Task to complete>
Return all of the data exactly as written, without the pictures.

Source data:
☆ ☆ ☆ ☆ ☆
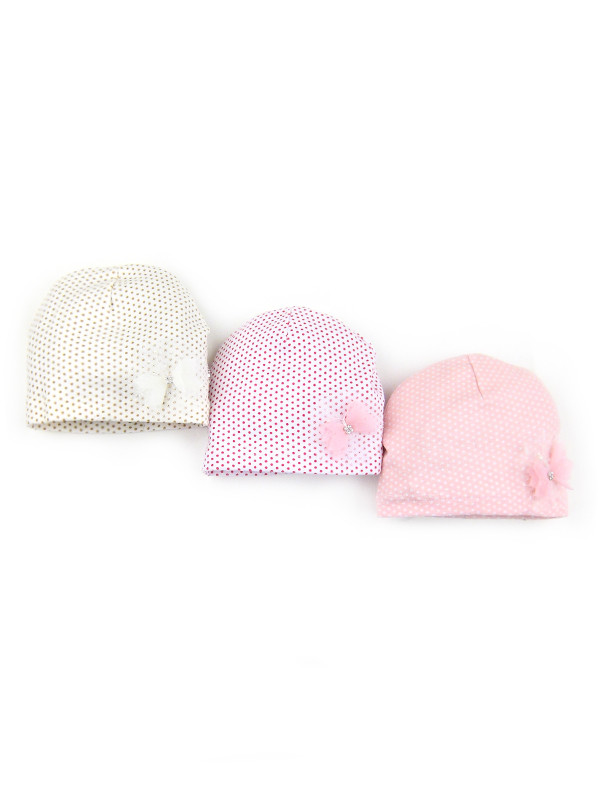 Шапочки для маленьких модниц 7-9 месяцев. Модель шапки классическая. Она однотонная, но разбавлена мелким горошком. Изюминка данной модели - это украшение в виде прелестной бабочки с левой стороны. Обрамляет эту бабочку тонкая, воздушная сеточка. И особую изящность придаёт декору большая крупная страза по самому центру.
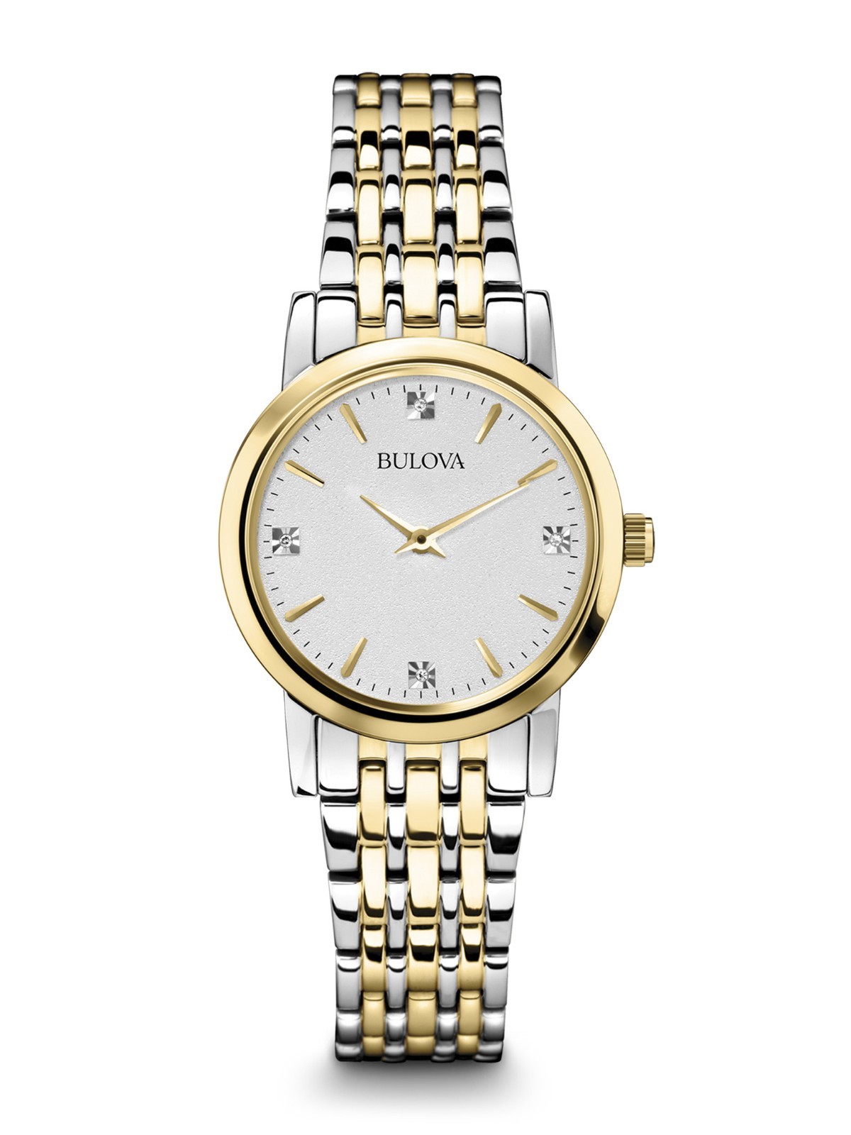 | From the Bulova Diamonds Collection. In stainless steel with two-tone finish, 4 diamonds individually hand-set on silver-white patterned dial, and locking fold-over clasp and water resistance to 30 meters. | |
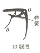 10. 如图所示是吉他的变音夹,两手柄绕$O$点转动,用力按压手柄时弹簧被压缩,说明力可以改变物体的
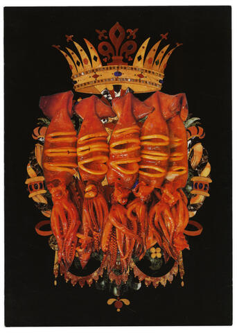 Collage papier sur le carton d’invitation de l’exposition Trésors des Médicis.
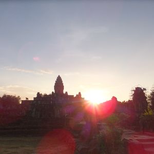 バコン寺院は、カンボジアにあるアンコール遺跡のひとつで、その中でもロリュオス遺跡群のひとつです。ロリュオスはアンコール地域に王都が置かれる前に、王都が置かれていた場所です。その時代に創建された3寺院をロリュオス遺跡群と呼び、バコン寺院は、ロリュオス遺跡群の中でも最も規模の大きな寺院です。バコン寺院は5層のピラミッド型に構成されていて、アンコールワットの原型となったと言われています。シェムリアップから南東に13kmほどのところにあります。
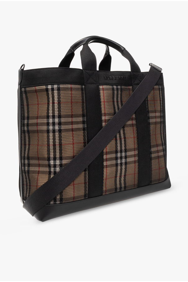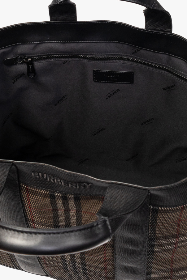 Black and beige ‘Ormond’ shopper bag from Burberry. Made of fabric with mesh and calf leather trims, this model is decorated with the brand’s signature check and complete with two handles and one internal compartment with one zip pocket and two slip pockets.
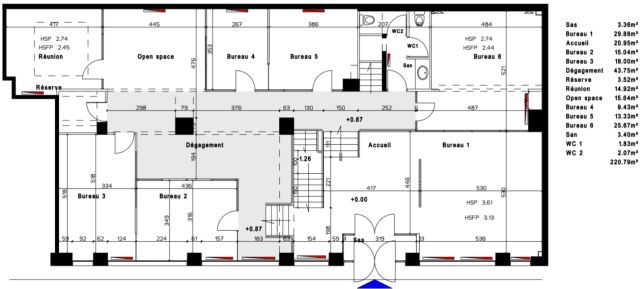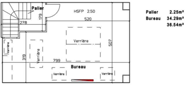 Au rez-de-chaussée, 1er étage et sous-sol, 458 m² de bureaux répartis en espaces ouverts et cloisonnés.
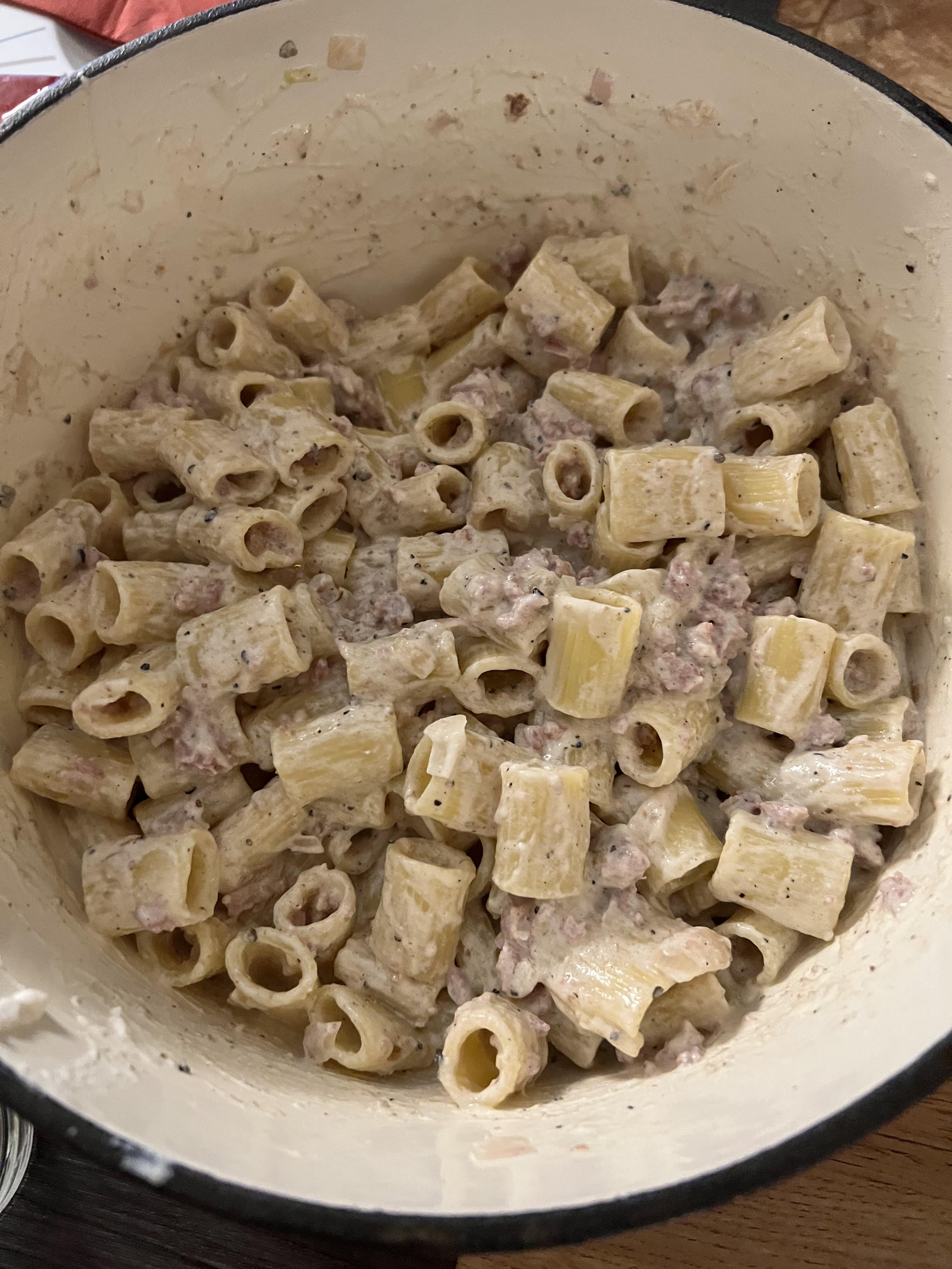 Made Norcina tonight for my guests. 400g of Mezze Maniche. 300g of truffled Salsicca. 250 of sheep’s Ricotta. 100g of of Pecorino Romano. 30g of black truffle. 1 onion. 3 cloves of garlic. Salt and Pepper. Turned out quite tasty.
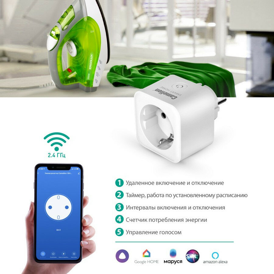 Умная Wi-Fi розетка Camelion Smart Home 16A 4000W c заземлением, выключатель, таймер, счетчик, управление голосом/смартфоном
☆ ☆ ☆ ☆ ☆
Response>
 Шапочки для маленьких модниц 7-9 месяцев. Модель шапки классическая. Она однотонная, но разбавлена мелким горошком. Изюминка данной модели - это украшение в виде прелестной бабочки с левой стороны. Обрамляет эту бабочку тонкая, воздушная сеточка. И особую изящность придаёт декору большая крупная страза по самому центру.
 | From the Bulova Diamonds Collection. In stainless steel with two-tone finish, 4 diamonds individually hand-set on silver-white patterned dial, and locking fold-over clasp and water resistance to 30 meters. | |
 10. 如图所示是吉他的变音夹,两手柄绕$O$点转动,用力按压手柄时弹簧被压缩,说明力可以改变物体的
 Collage papier sur le carton d’invitation de l’exposition Trésors des Médicis.
 バコン寺院は、カンボジアにあるアンコール遺跡のひとつで、その中でもロリュオス遺跡群のひとつです。ロリュオスはアンコール地域に王都が置かれる前に、王都が置かれていた場所です。その時代に創建された3寺院をロリュオス遺跡群と呼び、バコン寺院は、ロリュオス遺跡群の中でも最も規模の大きな寺院です。バコン寺院は5層のピラミッド型に構成されていて、アンコールワットの原型となったと言われています。シェムリアップから南東に13kmほどのところにあります。
 Black and beige ‘Ormond’ shopper bag from Burberry. Made of fabric with mesh and calf leather trims, this model is decorated with the brand’s signature check and complete with two handles and one internal compartment with one zip pocket and two slip pockets.
 Au rez-de-chaussée, 1er étage et sous-sol, 458 m² de bureaux répartis en espaces ouverts et cloisonnés.
 Made Norcina tonight for my guests. 400g of Mezze Maniche. 300g of truffled Salsicca. 250 of sheep’s Ricotta. 100g of of Pecorino Romano. 30g of black truffle. 1 onion. 3 cloves of garlic. Salt and Pepper. Turned out quite tasty.
 Умная Wi-Fi розетка Camelion Smart Home 16A 4000W c заземлением, выключатель, таймер, счетчик, управление голосом/смартфоном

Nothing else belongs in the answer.